Интервьюер: Все нормально?[24]
Информант: Нет, нормально. Какая-то штука, наверное, упала.
Интервьюер: Это не Страшно.
Информант: Я даже не знаю, откуда она упала. Ну вот в мою память врезался день 19 сентября. День 19 сентября 41-го года. Почему он врезался? Потому что этот день был очень интенсивной бомбежки именно нашего района. Района вот Большой Московской, улицы Правды, Владимирского проспекта. В этот день там были сброшены фугасные бомбы. А мне еще это запомнилось потому, что, когда началась вот эта воздушная тревога, я был один в квартире. Наша квартира была на пятом этаже. Дом у нас огромный, шестиэтажный, с высокими потолками. И вот получилось так, что бабушка моя была в это время в магазине на углу Большой Московской и Владимирской площади — там был гастроном. И до войны тоже там был гастроном. Теперь там его нет. Она была там. А в квартире вот были я и сосед. Ну сосед… Было за шестьдесят лет ему явно. И вот, услыхав сигнал воздушной тревоги, мы вышли в коридор.

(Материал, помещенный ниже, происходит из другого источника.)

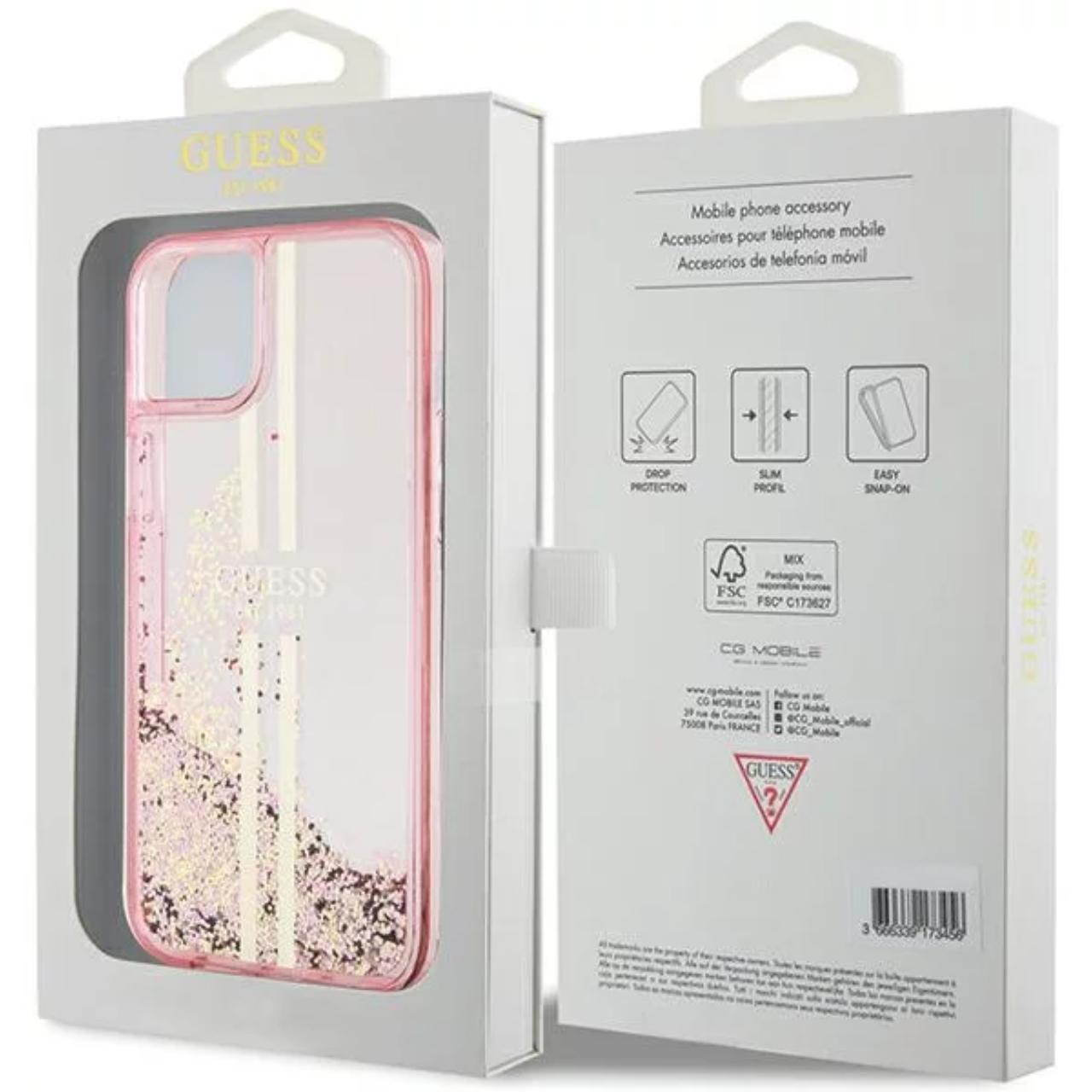 Guess Husa Liquid Glitter Gold Stripe iPhone 15 Roz

А у нас длинный коридор, семь комнат. По этому коридору я на велосипеде трехколесном катался в свое время. И вот мы вышли в коридор и говорим: «Надо идти в бомбоубежище». А сосед говорит: «Да нет. Смотри, какие у нашего коридора толстые кирпичные стены. Давай мы с тобой здесь останемся. Здесь эти стены не разрушит никакая бомба». И вот мы остались в коридоре. Стоим. И вдруг мы услышали не очень такой сильный взрыв, но дом наш вдруг почему-то закачался. Ну на пятом этаже это особенно хорошо чувствуется. И сосед говорит: «Знаешь что, давай лучше пойдем все-таки в бомбоубежище.
Интервьюер: А входную дверь?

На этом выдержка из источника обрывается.